ITG also is the majority owner of Nanotex, which operates the specialty chemical business.
The various divisions will operate from a single headquarters in Greensboro, N.C., "if local authorities provide the requested incentives," Ross said. Currently, the Burlington and Cone units are separate and are occupied under short-term leases.
In a conference call last week, Ross outlined his overall objectives for the company: upgrading the technical and design capabilities of the divisions; increasing the branding awareness of the Burlington and Cone names; lowering production costs and developing a strategy to survive and grow.
For the Home Furnishings Business, Ross sees opportunities in vertical integration. "There are six layers of overhead, our goal is two."
Each of the units in the merged Home Furnishings Bus-iness have specific strengths in jacquards, Ross related, and there are product synergies. Burlington's strength is in windows, top of the bed, contract and mattress fabrics. Cone's strength is in residential upholstery fabrics with looms that go up to 130-inches wide as well as a differentiator — the ability to create repeats as large as a king-sized bed.

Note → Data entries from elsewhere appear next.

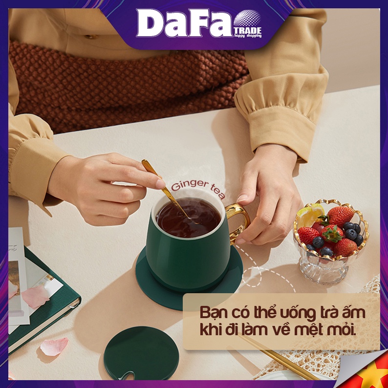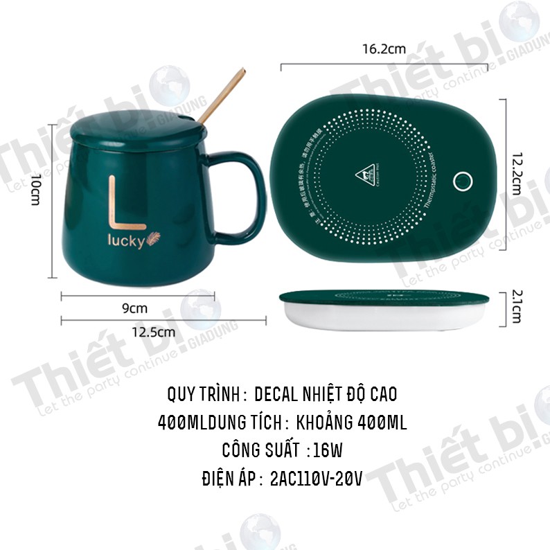Cốc Hâm Nóng đồ uống kèm đế điện, Bộ ly sứ kèm đế điện hâm nóng trà, cafe, hâm sữa + Tặng kèm thìa vàng, hộp sang trọng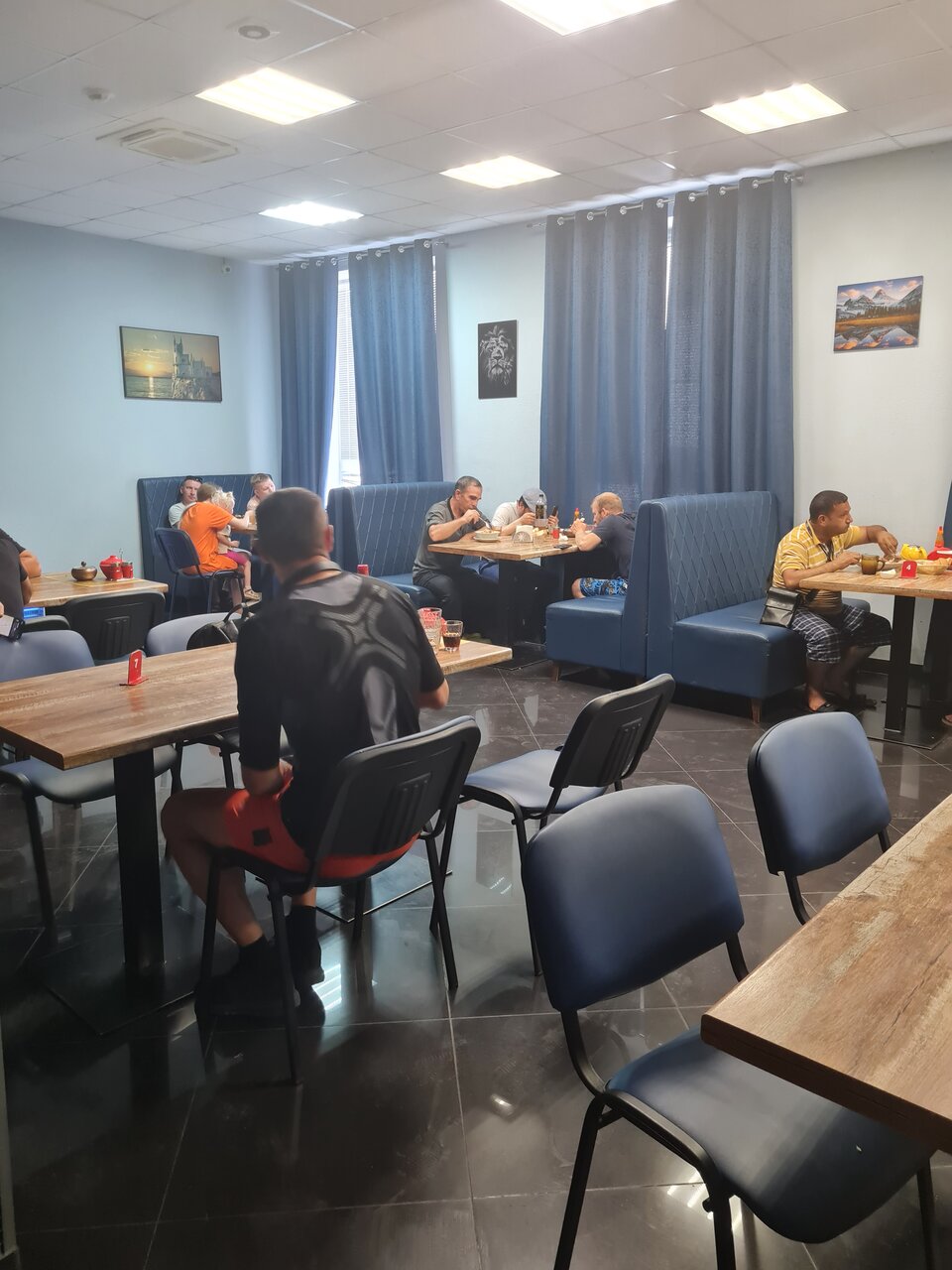 Вкусно кормят. Грязно в самом помещении. Много водителей-кавказцев.
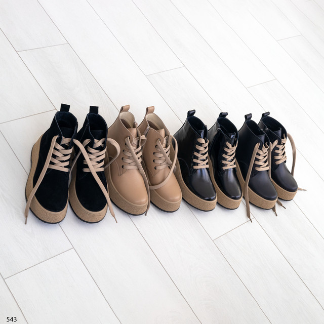 Жіночі демісезонні шкіряні черевики на шнурку та бежевій підошві 36-40

At Burlington, said Gorga, "There is a big investment and commitment for the contract business. And we're getting there with a lot of product" to comply with the flammability regs. "We're in a position to invest in people and technology." As for Cone, Gorga added that its strength is in the "high-end, small lots with fashion work in colors and constructions."
As for Carlisle, the division is working on innovative finishes and new dye stuffs, Bakane said. Coming up, he added, is an emphasis on digital printing "on the front end of fabric production."
Discussing the global textiles situation, Ross said, "I hope Bush will look for a temporary respite for textiles as happened for steel. The textile industry is not remotely ready for the lifting of quotas altogether."
Ross also pushed for "a NAFTA-friendly Central American agreement." He is personally visiting China "to talk about what opportunities there are that make some sense and are consistent with our overall objectives."
Ross sees ITG as hitting the billion-dollar mark in revenues soon. Capital, he said, is available for the business and, "We will promote technology throughout our lines." The combined companies today, he pointed out, have debt of $75 million, compared with the $1.5 billion total for the two companies when each filed for bankruptcy.